The airport was on an island that had two fishing villages and a dock. At the dock we took a sleek high-speed ferry to an even smaller island, Vakudin. The heavily forested island ringed with white sand sat like a jewel in the greenish-blue sea. We had to come much closer before we could see the powered fences, the watch towers, the guards, and the ruvaak, tireless trained guard animals that looked like a cross between a hairy alligator and a nightmare. When we reached land, a guard took us to the visitors' waiting room in the main administrative building, where we were, for all intents and purposes, forgotten. After an hour of this, Gothig’s patience evaporated. It said to Nev and me, "Come, children, it is time to cross the Akkujah."
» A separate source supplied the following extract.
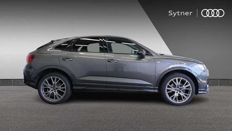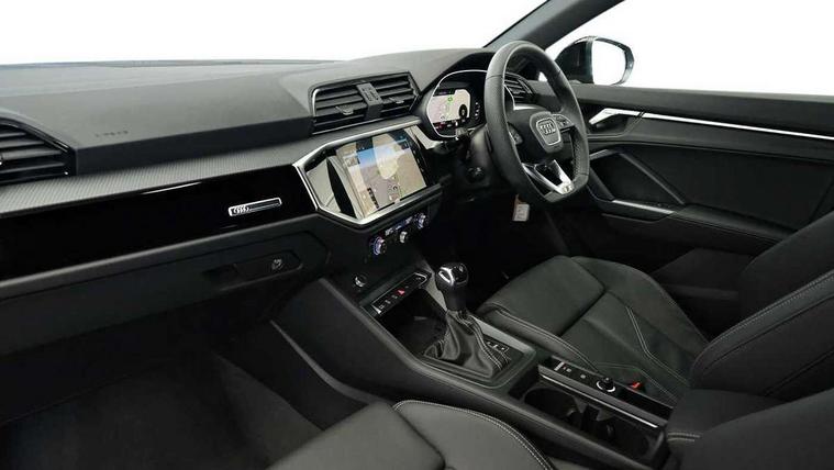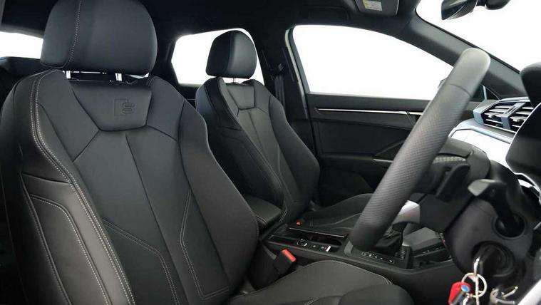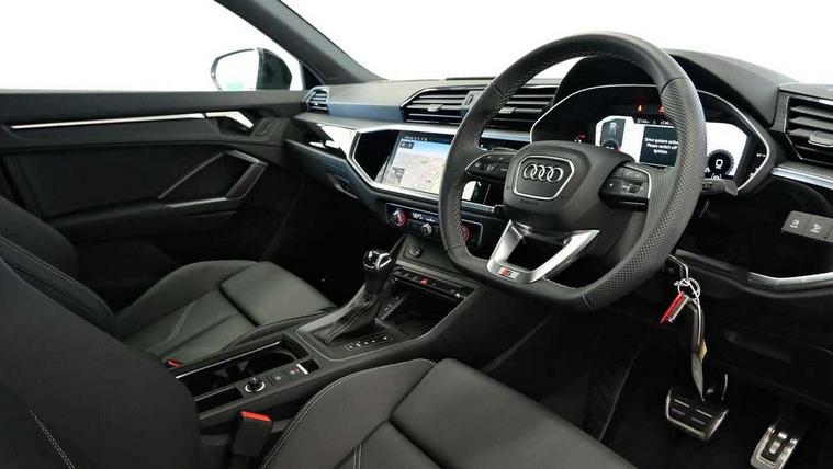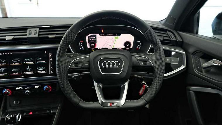 Audi connect safety and service, Audi drive select, Audi lane departure warning, Audi Virtual Cockpit - 10.25" display, Bluetooth interface, Camera based traffic sign recognition, Distraction and Fatigue warning, Legal emergency call, MMI Navigation Plus with high resolution 10.1 inch touchscreen colour display, Power operated tailgate, Progressive steering, Service interval indicator, Smartphone interface includes wireless Apple carplay/Android Auto, Start stop system with recuperation, Voice control system with natural language interaction, Diesel particulate filter, Sports suspension, 2 USB-C ports with charge and data functions, 6 passive loudspeakers, DAB digital radio module, Acoustic windscreen, Audi Beam uses LEDs to project the Audi logo onto the ground as you exit your Q3, Auto dimming door mirrors, Auto dimming frameless rear view mirror, Electrically folding, adjustable and heated door mirrors with integrated LED side indicators and kerb view function for passenger side, Front and rear electric windows, Front fog lights, Front underbody protection in manhattan grey paint finish, High gloss black finish B and C pillars, Honeycomb design radiator grille in matt anthracite black, LED Dynamic rear indicators, LED headlights with LED daytime running lights, LED rear lights, LED third brake light, Privacy glass dark tinted rear and rear-side windows (from B-pillar backwards), Rain and light sensors, Rear diffuser grille in grained matt black, Rear diffuser strip in matt anthracite black, Rear side wing doors, Rear underbody protection in matt black, Rear wiper, S line front and rear bumpers and side skirts in contrasting Manhattan grey paint finish, Variable front intermittent wipers, 12V socket in rear centre console, 3 seat bench in 2nd row, 40:20:40 folding with manual adjustment for 60:40 forwards/backwards position and backrest angle, Adjustable rear seat bench/backrest with centre armrest and cupholder, Black carpet mats, Black cloth headlining, Dual zone electronic climate control, Electric lumbar support, Front and rear black floor mats with contrast stitching in rock grey, Front and rear headrests, Front centre armrest, Height and reach adjustable steering wheel, Illuminated door sill trims with S logo, ISOFIX child seat mounting for front passenger with airbag deactivation and outer rear seat including top tether attachment point for outer rear seats, Luggage compartment sill protection in stainless steel, Manual front seats with height adjustment, Perforated leather gearknob, Single front passenger seat, Stainless steel pedals, Twin leather upholstery with front sport seats + S embossing, Black styling pack - Q3, Non smoking pack - Q3, 3x3 point rear seatbelts, 6 airbags - Driver, front passenger, curtain and side windows, Audi pre-sense front with pedestrain and cyclist recognition, Electrically operated child locks on rear doors, Electromechanical parking brake, Electronic stabilisation control including ABS, ASR and EDL, Front seatbelt reminder, Hill descent control, Hill hold assist, Pre sense basic, Seatbelt monitoring, Tyre pressure warning, Warning triangle and first aid kit, Anti theft wheel bolts, Immobiliser, Remote central locking, Thatcham approved category 1 anti theft alarm, Aluminium look interior elements, Detail dashboard around MMI touch colour display in glass look, black with surround in aluminium look, Leatherette door armrest, Piano black inlay,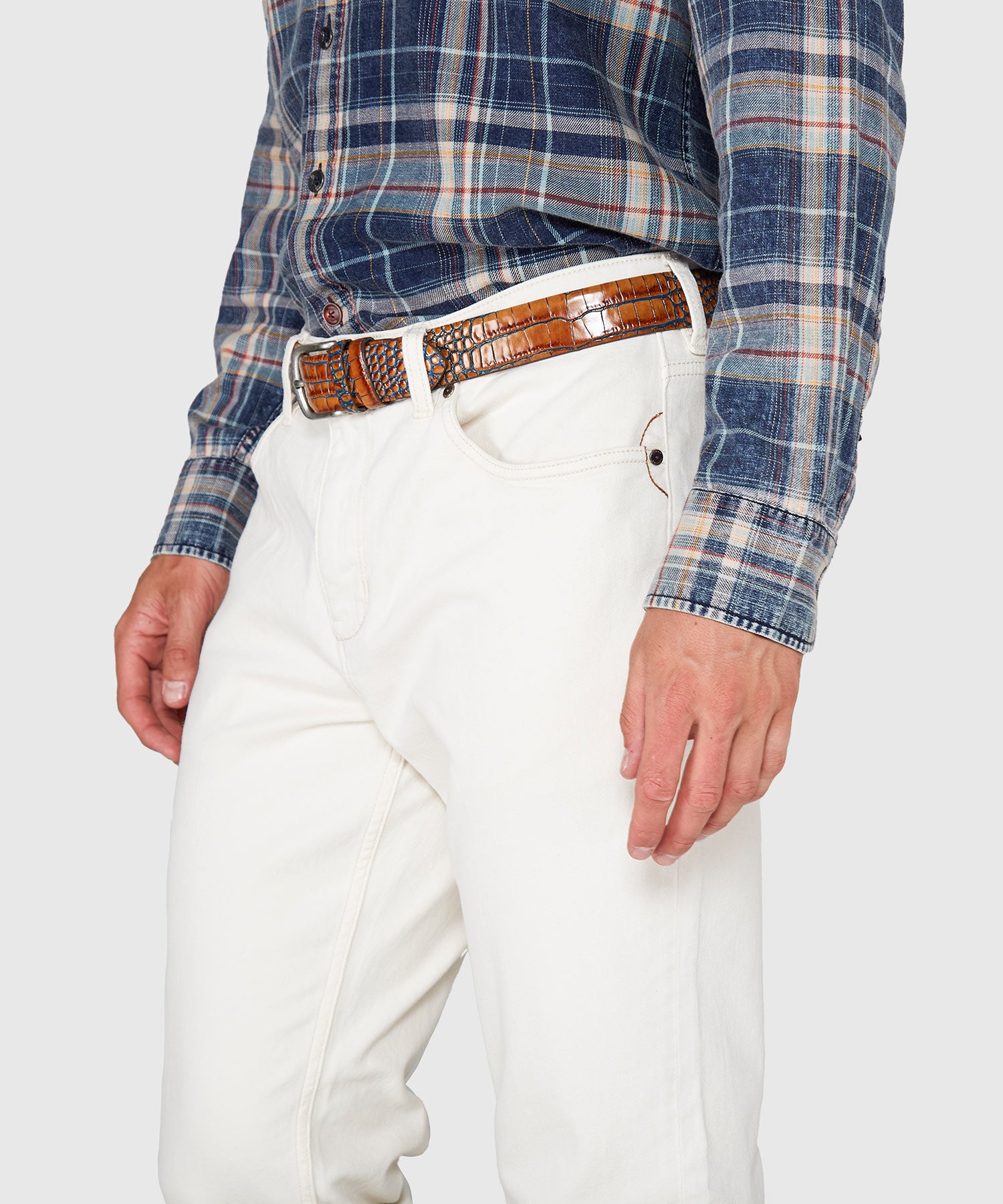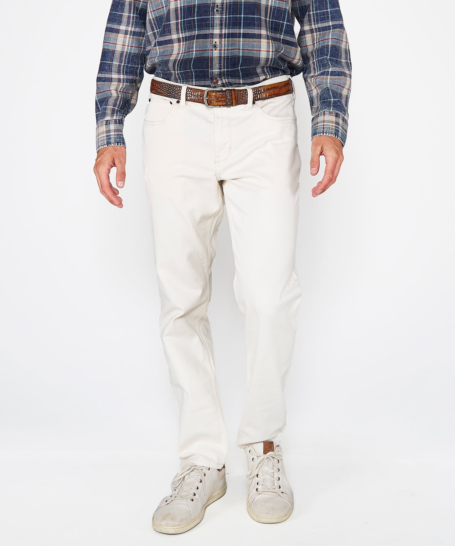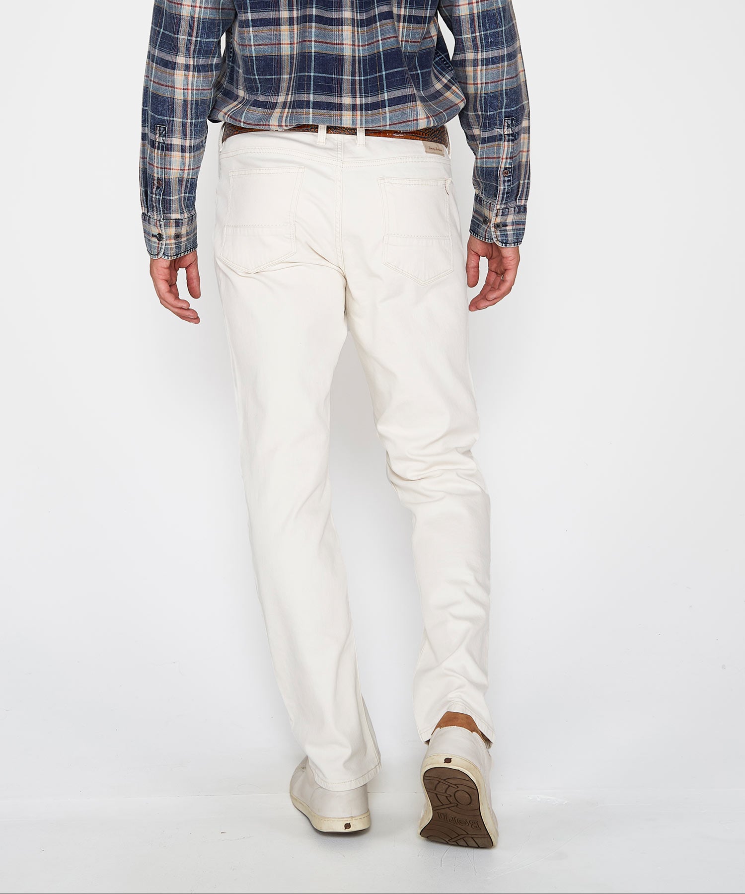 • Belt loops. Shank button closure with zip fly

We wandered hallways for a few minutes until, after turning a corner, we faced the records office. Gothig, with Nev and I backing it up, cornered the clerk of records. The clerk, Toccvo Leint, immediately began running off at the mouth about patient confidentiality, going through proper channels, and such, when Gothig placed its hand on the fellow’s shoulder and asked again. From the expression on the clerk’s face, I assumed it was making a choice between letting us know what we wanted or forgoing the continued use of its shoulder and arm. The clerk decided that it could help us after all.
First, Gothig wanted to know by what lights Zammis was considered insane. Second, it wanted to know by what lights Zammis was considered criminal.
Jetah Toccvo Leint called up the records, studied them, and then told us, "I remember this case. Jeriba Zammis, ever since it was rescued from Fyrine IV, professed to love humans." Toccvo Leint looked at us as though that explained all.